▸ **REQUIREMENT**: Return the data below exactly, please, but drop the pictures.

▸ **INFORMATION SUPPLIED**:
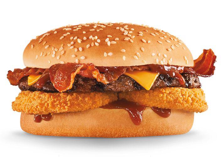 Hamburguesa de carne de res, tocino, BBQ, aros de cebolla, queso, mayonesa con papas fritas.
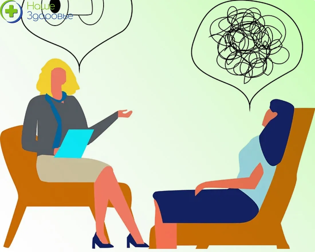 Во время консультации психотерапевта обсуждаются причины обращения. Клиент делится своими переживаниями, а терапевт задаёт дополнительные вопросы.
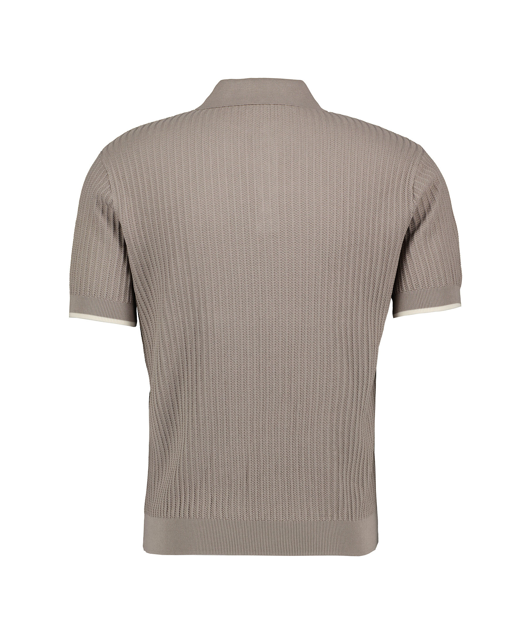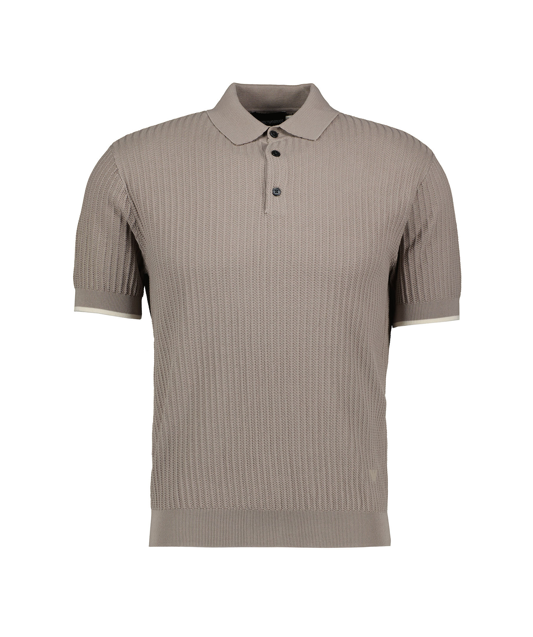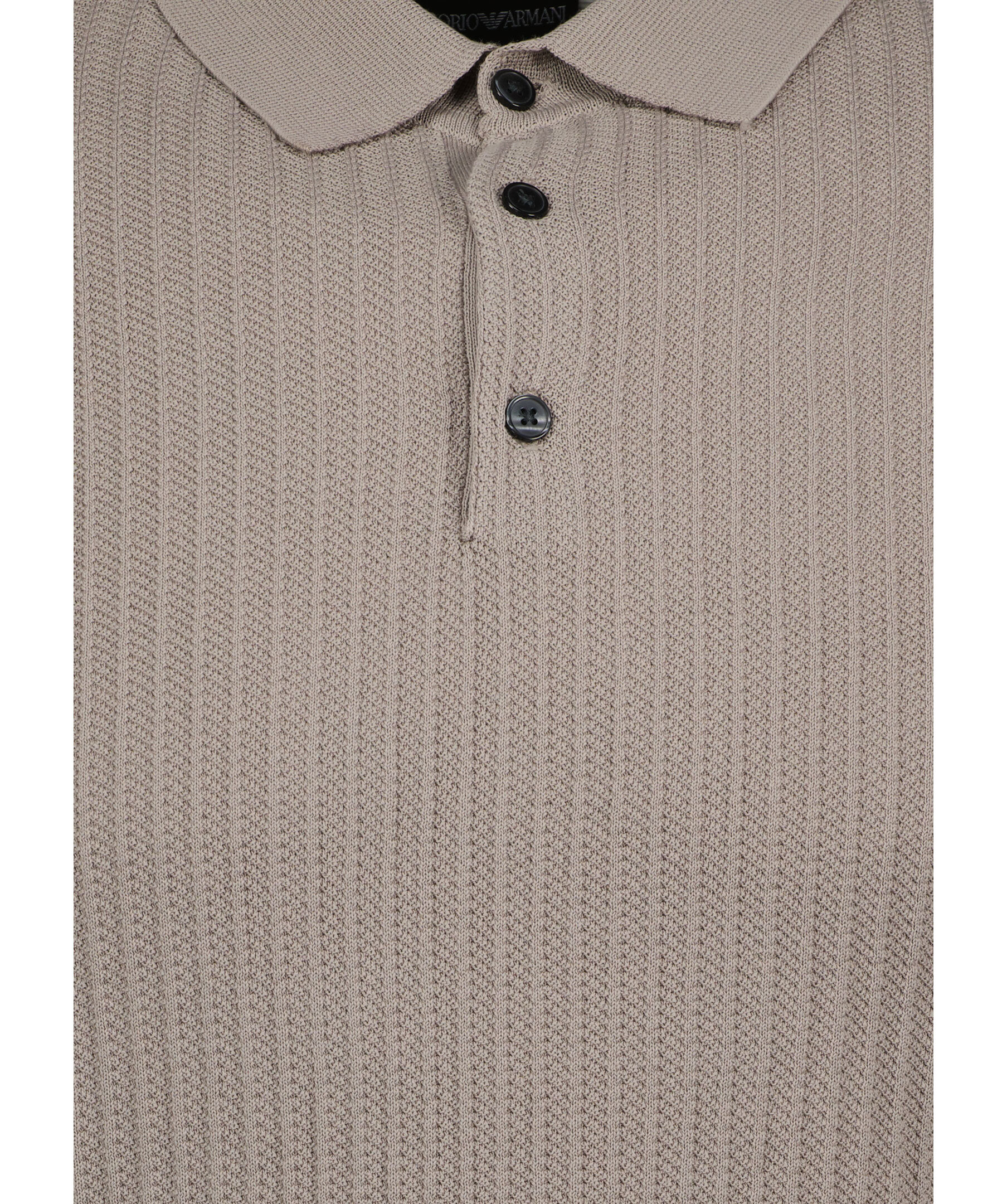Gråbrun pikétröja från Emporio Armani. Tre knappar framtill. Ribbstickad plaggslut, kontrasterande rand vid ärmslut. Tillverkad i 100% bomull.

▸ **RESPONSE BELOW**:
 Hamburguesa de carne de res, tocino, BBQ, aros de cebolla, queso, mayonesa con papas fritas.
 Во время консультации психотерапевта обсуждаются причины обращения. Клиент делится своими переживаниями, а терапевт задаёт дополнительные вопросы.
Gråbrun pikétröja från Emporio Armani. Tre knappar framtill. Ribbstickad plaggslut, kontrasterande rand vid ärmslut. Tillverkad i 100% bomull.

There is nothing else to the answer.